How are consumers and retailers responding to soaring inflation?

New research examines how inflation is affecting consumers and retailers, and how they are both adapting their shopping habits and retail strategies in response

Inflation is on the march globally. While inflation declined sharply in the early stages of the pandemic amid a collapse in demand and oil prices, it picked up in mid-2020 and in July 2022, global inflation reached its highest level since the mid-1990s. While it has eased somewhat, the World Bank says the global inflation rate remains significantly above the pre-pandemic average.

The recent spike in inflation has affected many, according to Harald van Heerde, Research Professor in the School of Marketing at UNSW Business School. He observes that a “perfect storm” of underlying causes, including very low interest rates during the pandemic, government handouts, pent-up demand, supply-demand imbalances, and Russia’s invasion of Ukraine, all conspired to increase consumer price levels around the world steeply. While current inflation levels are not unprecedented (they were even higher in the 1970s and 1980s), the decades-long period of meagre inflation experienced in most countries means that current inflation rates continue to shock consumers, manufacturers and retailers.
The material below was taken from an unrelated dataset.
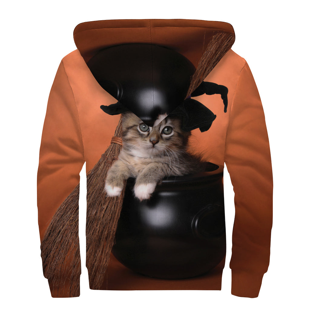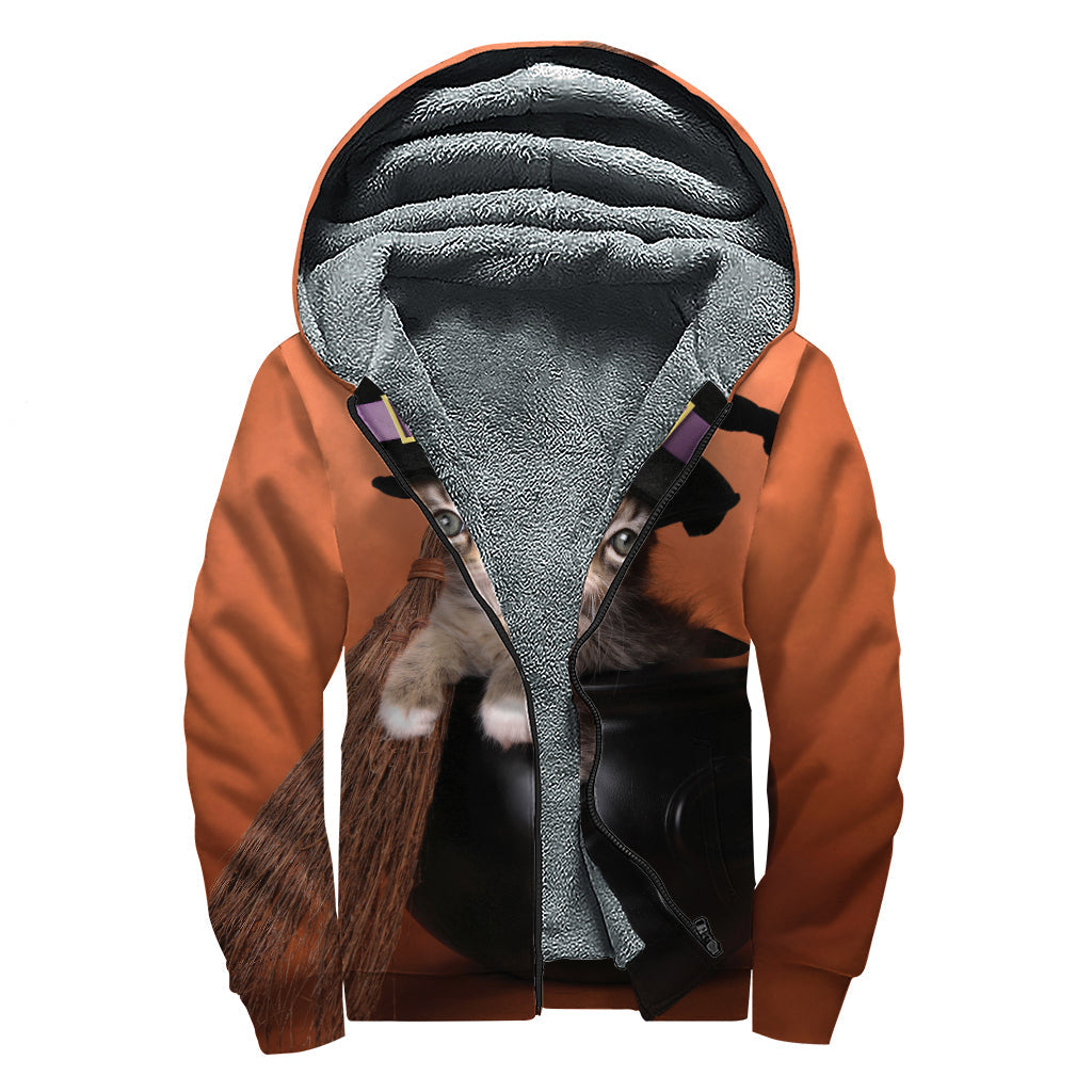 Get ready to embrace your inner hippie with this Sherpa Lined Zip Up Hoodie featuring a funky Halloween cute witch cat print. Made for those who love to stand out and make a statement, this hoodie is perfect for layering and adding a touch of retro charm to your wardrobe. The soft Sherpa lining will keep you warm and cozy while the zip up design makes it easy to throw on over your favorite t-shirt or tank top. Whether you're heading to a music festival, hitting the farmers market, or just hanging out with friends, this hoodie is sure to turn heads and spread good vibes wherever you go.

In particular, the spike in inflation has been a major shock to the retail ecosystem, including retailers and their competitors, suppliers (manufacturers and producers), policymakers, and customers. “Due to their central position in the distribution channel, retailers face the difficult task of balancing strong wholesale price increases with a need to retain customer loyalty and stay competitive while at the same time preserving their bottom line and shareholder value,” says Professor van Heerde.

UNSW Business School's Professor Harald van Heerde.jpg
UNSW Business School's Harald van Heerde found that retailers tend to employ more covert actions, such as “shrinkflation,” “skimpflation,” and “greedflation”, in response to rising inflation. Photo: supplied

While the effect of inflation can most obviously be seen in regular cost-of-living expenses (such as grocery bills), Professor van Heerde says it is surprising how little research there is into how consumers, retailers, and manufacturers respond to soaring inflation. 

“The last time inflation reached double digits in the 70s and 80s, there were only coarse, aggregate data available,” he says. “The recent era of high inflation levels coincides –for the first time in history – with the era of big data, where we can readily observe customer behaviours (through household panel data) and retailer behaviours and performance (through retailer panel data) at very fine levels of granularity.”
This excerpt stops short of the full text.